You’d never know that pasta primavera, a pseudo-Italian dish that appears on virtually every chain restaurant menu, actually has roots in French haute cuisine.
The usual reproduction — a random jumble of produce tossed with noodles in a heavy, flavor-deadening cream sauce — tastes nothing like spring. Surprisingly, when we dug up the original recipe from New York’s famed Le Cirque restaurant, our colleagues found it wasn’t all that inspiring either, despite taking about 2 hours to prepare and dirtying five pans.
First, the vegetables (which had been painstakingly blanched one by one) were bland.
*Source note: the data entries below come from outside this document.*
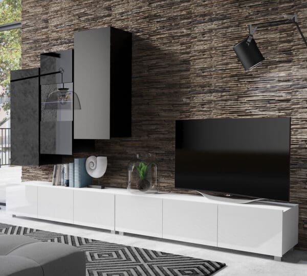 Obývací stěna CALABRIA 11 černá / bílý lesk
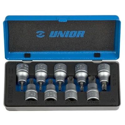 Unior Set of Screwdriver Sockets with TX Profile 1/2in In Metal Box, /9 603657
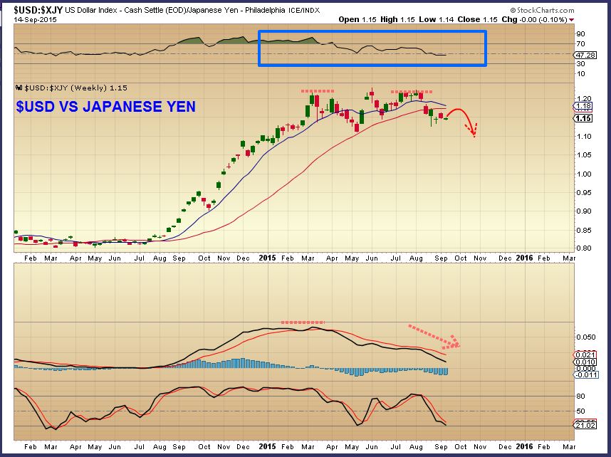 USD : YEN-  The USD double topped vs the Yen on a weekly basis.
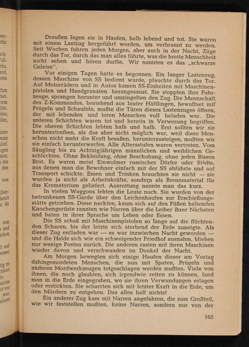 Vor einigen Tagen hatte es begonnen. Ein langer Lastenzug, dessen Maschine von SS bedient wurde, pfauchte durch das Tor. Auf Motorrädern und in Autos kamen SS - Einheiten mit Maschinenpistolen und Handgranaten herangesaust. Sie stoppten ihre Fahrzeuge, sprangen herunter und umzingelten den Zug. Die Mannschaft des Z- Kommandos, bestehend aus lauter Häftlingen, bewaffnet mif Prügeln und Schaufeln, mußte die Türen dieses Lastenzuges öffnen, der mit lebenden und toten Menschen voll beladen war. Die unteren Schichten waren tot und bereits in Verwesung begriffen. Die oberen Schichten lebten halb und halb. Erst sollten wir sie heruntertreiben, als das aber nicht möglich war, weil diese Menschen nicht mehr die Kraft besaßen, herunterzusteigen, mußten wir sie einfach herunterwerfen. Alle Altersstufen waren vertreten. Vom Säugling bis zu Achtzigjährigen männlichen und weiblichen Geschlechtes. Ohne Bekleidung, ohne Beschuhung, ohne jeden Bissen Brot. Es waren meist Einwohner russischer Dörfer oder Städte, aus denen man die Bewohner einfach mit der SS abführte und auf Transport schickte. Essen und Trinken brauchten sie nicht sie wurden ja nicht als Arbeitskräfte, sondern als Brennmaterial für das Krematorium geliefert. Ausrottung nannte man das kurz.
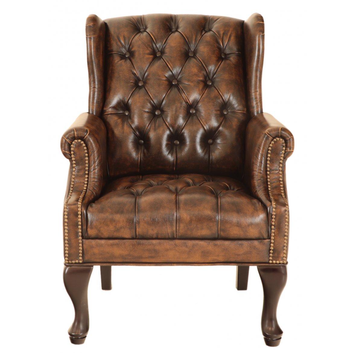 Der Sessel aus echtem Rindsleder ist sehr hochwertig verarbeitet, was ein entspanntes und komfortables Sitzen ermöglicht. Die Chesterfield-Sessel, die wir auf Lager haben, können Sie in unserem Showroom besichtigen.
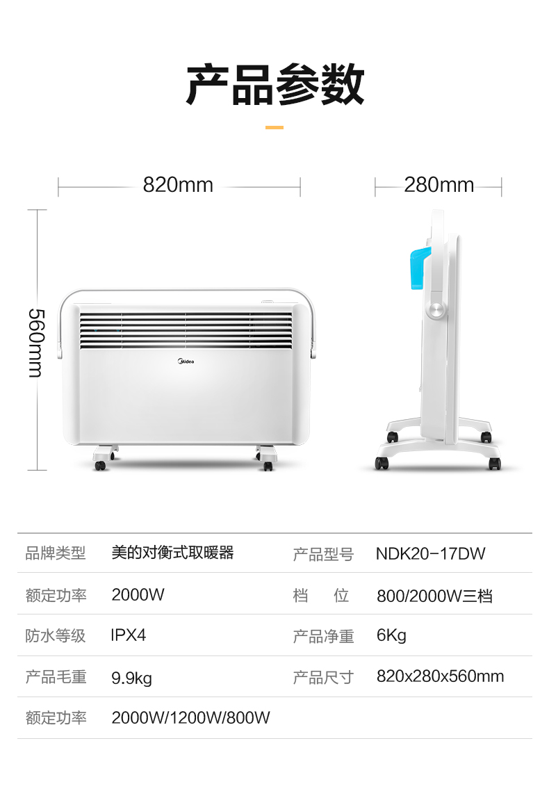 美的(Midea) 取暖器 NDK20-17DW 2000W 白色(单位:台)
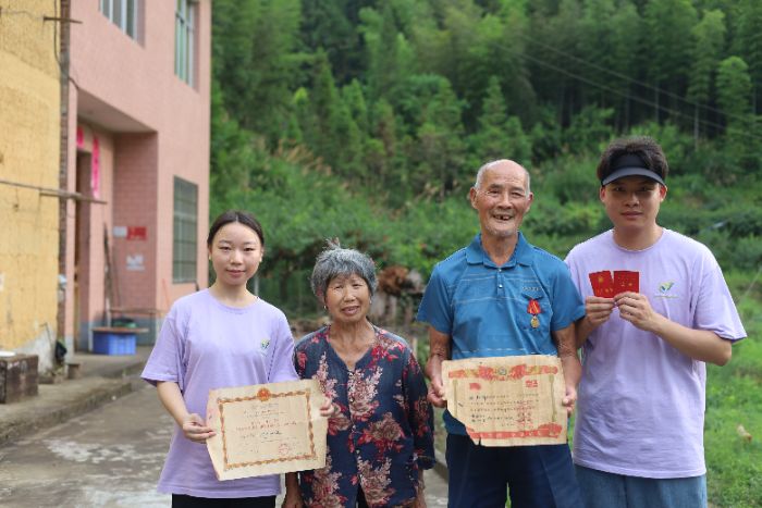 78歲的老黨員鄒房發(fā),這位有著53年黨齡的原村干部,曾帶領(lǐng)村民在374畝田地上辛勤耕耘三十載。85歲的孟憲金老人,是一位精通技術(shù)的能人,他曾為保障全村唯一碾米廠的運(yùn)轉(zhuǎn)日夜操勞,甚至因工傷導(dǎo)致腿部癱瘓。83歲的空降兵老兵孟普生向志愿者們講述了當(dāng)年從400米高空躍出熱氣球訓(xùn)練的驚險(xiǎn),以及執(zhí)行任務(wù)的經(jīng)歷。82歲的偵察兵老英雄張楊輝,撫摸著“五好戰(zhàn)士”“神槍手”證書(shū)和援越抗美勛章,回憶著戰(zhàn)場(chǎng)上的殘酷,那被炮彈震聾的耳朵,成為他永不褪色的軍功章。在容易被人遺忘的鄉(xiāng)間,文旅組“藝青年”用鏡頭記錄著參與新中國(guó)建設(shè)奮斗歷程的、平凡而又偉大的實(shí)踐者們。
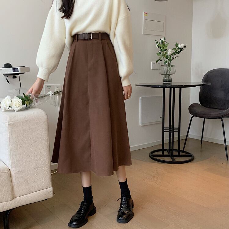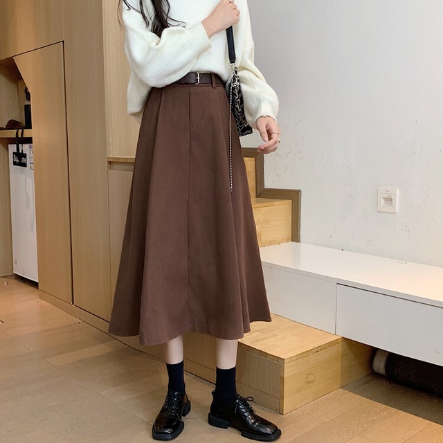 スカート ボトムス フレアスカート 膝下 ミモレ ミモレ丈 Aライン ベルト ハイウエスト 薄手 スウェード かわいい 大人可愛い シンプル カジュアル かっこいい こなれ感 ラフ キュート クール 無地 春 秋 冬 10代 20代 30代 40代 50代 60代 レディース 女性用 ママ 学生 通学 デート お出かけ 女子会 休日 イベント 旅行 ホテル レストラン 着回し 普段使い モテ 定番 インスタ映え S M L 白 ホワイト 黒 ブラック 茶色 ブラウン
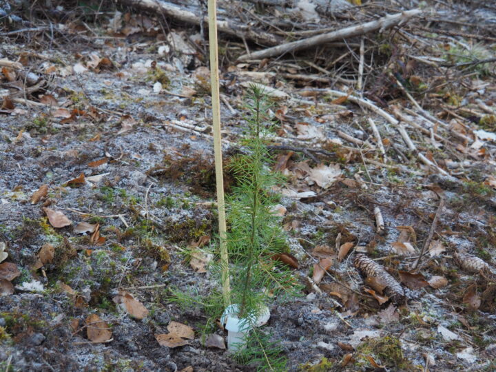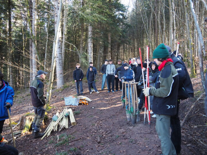 私が見学した日は、林業のハイン教授の担当でした。1時間目は14歳の生徒たち1クラス20人ほどが森に集まり、針葉樹の苗を植えます。
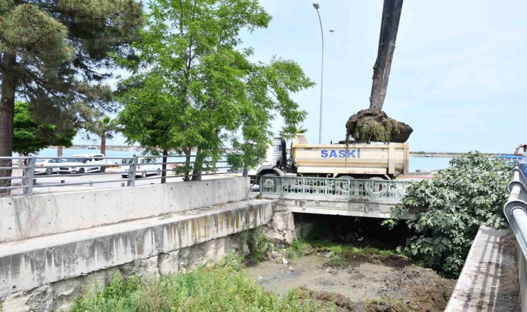 Samsun Büyükşehir Belediyesi Su ve Kanalizasyon İdaresi (SASKİ) Genel Müdürlüğü ekipleri, yağmur sularını denize tahliye eden kanal ve dere yataklarını temizledi.
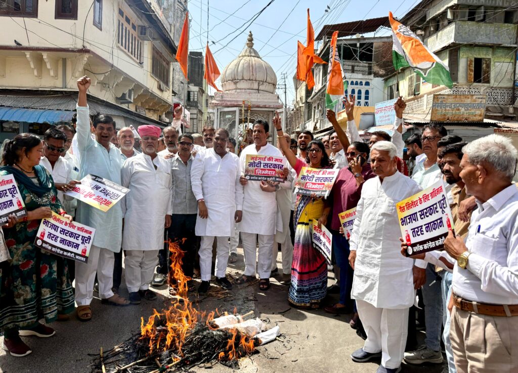 महंगाई, रसोई गैस और ईंधन की बढ़ती कीमतों तथा केंद्र सरकार की कथित जनविरोधी नीतियों के विरोध में कांग्रेस कार्यकर्ताओं ने रविवार को ब्यावर शहर के प्रमुख पाँच बत्ती चौराहे पर जोरदार प्रदर्शन किया। प्रदर्शन के दौरान कांग्रेस कार्यकर्ताओं ने केंद्र सरकार के खिलाफ नारेबाजी करते हुए प्रधानमंत्री नरेंद्र मोदी का पुतला दहन कर विरोध दर्ज कराया।

Second, the cream-, butter-, and cheese-enriched sauce dulled flavor and didn’t really unify the dish.
If we wanted a true spring-vegetable pasta — with a few thoughtfully chosen vegetables and a light, but full-bodied sauce that clung well to the noodles and brought the dish together — we’d have to start from the beginning.
SPRING VEGETABLE PASTA
Servings: 4-6
Start to finish: 1 hour
1 1/2 pounds leeks, white and light green parts halved lengthwise, sliced 1/2 inch thick, and washed thoroughly, plus 3 cups coarsely chopped dark green parts, washed thoroughly
1 pound asparagus, tough ends trimmed, chopped coarse, and reserved; spears cut on bias into 1/2 inch lengths
2 cups frozen peas, thawed
4 cups vegetable broth
1 cup water
4 garlic cloves, minced
2 tablespoons minced fresh mint
2 tablespoons minced fresh chives
1/2 teaspoon grated lemon zest,
plus 2 tablespoons juice
6 tablespoons extra-virgin olive oil
Salt and pepper
1/4 teaspoon red pepper flakes
1 pound campanelle (farfalle and penne are acceptable substitutes)
1 cup dry white wine
1 ounce Parmesan cheese, grated (1/2 cup), plus extra for serving
Nutrition information per serving: 605 calories; 155 calories from fat; 17 g fat (2 g saturated; 0 g trans fats); 4 mg cholesterol; 436 mg sodium; 88 g carbohydrate; 10 g fiber; 13 g sugar; 18 g protein.